Меня по поводу этой противоестественной склонности частному доктору показывали, который, незаметно смахнув в стол деньги, улыбнулся: «Вполне здоровая девочка. Ест соль, говорите? Ну и пусть себе ест. Не отнимайте. Значит, организм того требует». Хороший доктор, хоть и в халате. Другой бы приказал всю соль отдать деду, мне тут же намазал бы палец йодом, сделал укол и велел каждый день кормить сла-а-адкой ма-а-анной ка-а-ашей, от которой тошнит.

Ночью из черной тарелки над этажеркой противно завыло с переливами, а потом медленно толстым голосом: «Граждане, воздушная тревога! Граждане, воздушная тревога!» Хватают за спину громадными руками, сажают в кровати, откинув сетку (сетку терпеть не могу, взрослые не спят с сеткой). Мама одним движением снизу вверх вдевает меня в серые валеночки, а потом еще несколько раз смешно пришлепывает ладонью по круглой, неразношенной подошве, быстро кое-как натягивает капор на вате. Валенки у меня в точности, как у большой, а капор ненавижу — от него уши вперед загибаются, не вертится шея, а завязки больно впиваются в подбородок. Да и слово «капор» противное тоже. Взрослым-то хорошо, они капор не носят и могут делать что хотят, но вместо этого занимаются всякими глупостями. Например, едят суп. И по своей воле спать ложатся. Я бы — никогда! Вот когда вырасту…

Мама хватает меня на руки, на шею себе — зеленый мешочек на шнурке — там внутри всякие бумажки неинтересные. Бежим с четвертого этажа через двор в бомбоубежище. Бабушка осталась дома, она не хочет. Мама на нее за это сердится и кричит. Мне тоже не хочется, но меня тащат. Бежим через двор — черные сараи, темный дом, снег. Бомбоубежище

в пятом подъезде. Я провожу щекой по нежной маминой шапочке, про нее говорят «из котика». Кошки у нас нет, кошка есть у тети Юли, а мамина шапка — она котик. Черная и блестящая, а если подуешь, то внутри мягкой черноты раскрывается дымно-розовая пушистая маргаритка. Бежать нам недалеко, через два подъезда, но очень долго. Время и пространство в моей голове еще не подозревали друг о друге, как любовь и разлука в первый день Творения.

В небе желтый круг с оранжевым краем. Я знаю, что это такое.

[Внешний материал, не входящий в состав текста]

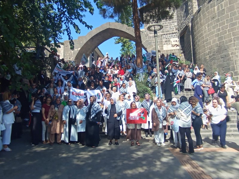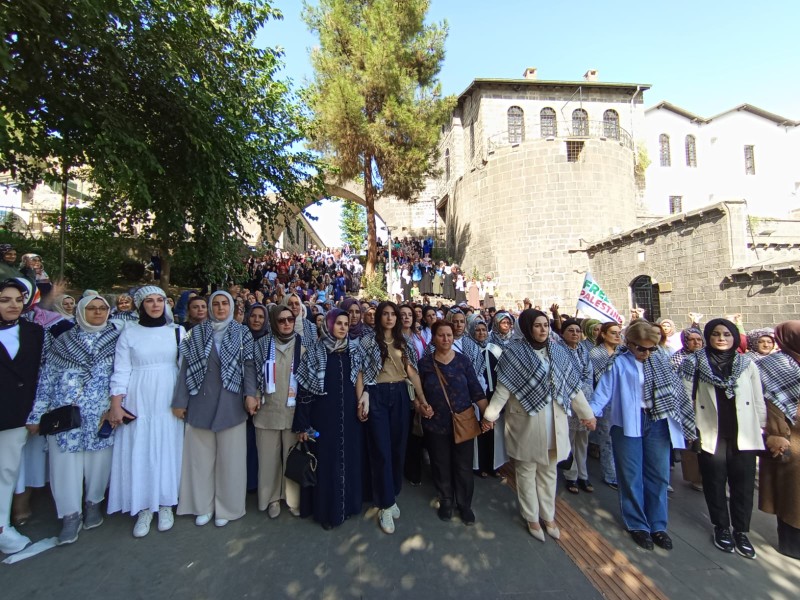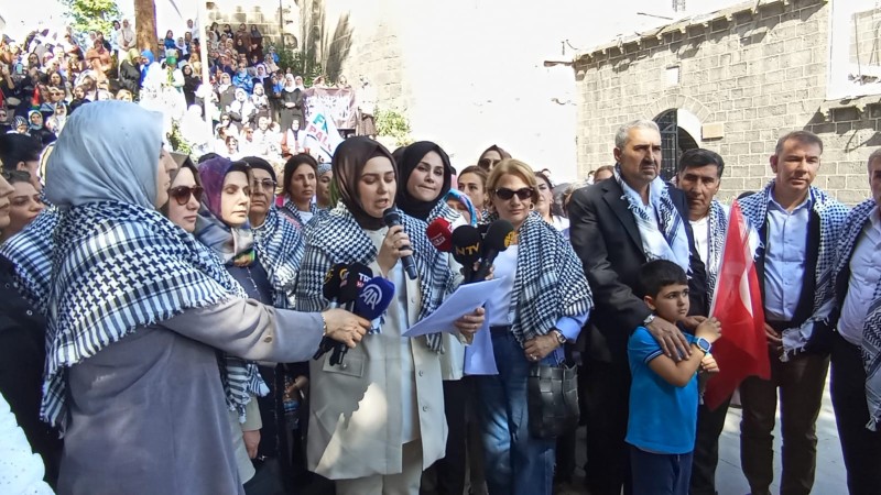 Diyarbakır – Gazze’de yaşanan insani kriz ve dramı dünya kamuoyuna duyurmak amacıyla AK Parti Kadın Kolları tarafından Türkiye’nin 81 ilinde eş zamanlı düzenlenen basın açıklamalarından biri de Diyarbakır’da yapıldı. Sur ilçesindeki tarihi Hz. Süleyman Camii avlusunda gerçekleşen etkinlikte, Gazze’ye destek mesajları verildi.

Это ракета. Напротив нашего дома госпиталь, оттуда перевешиваются из форточек (а ведь это уж совсем нельзя) и кричат что-то прохожим тетенькам одинаково одетые взрослые дядьки. Лысые, как кукла Левка. У кого забинтована голова, словно чепчик надет. А у кого рука запеленута, как грудной в пеленках и подвешена на широкой лямке. На крыше госпиталя зенитки, из ихнего дула пускают ракеты. Взмыв ярким мячиком, они на секунду замирают в небе, обдумывая свои дальнейшие планы, и устало падают хвостатой дугой. «Опять будут бомбить», — шепотом говорит никому мама. Она боится. Такая большая — боится.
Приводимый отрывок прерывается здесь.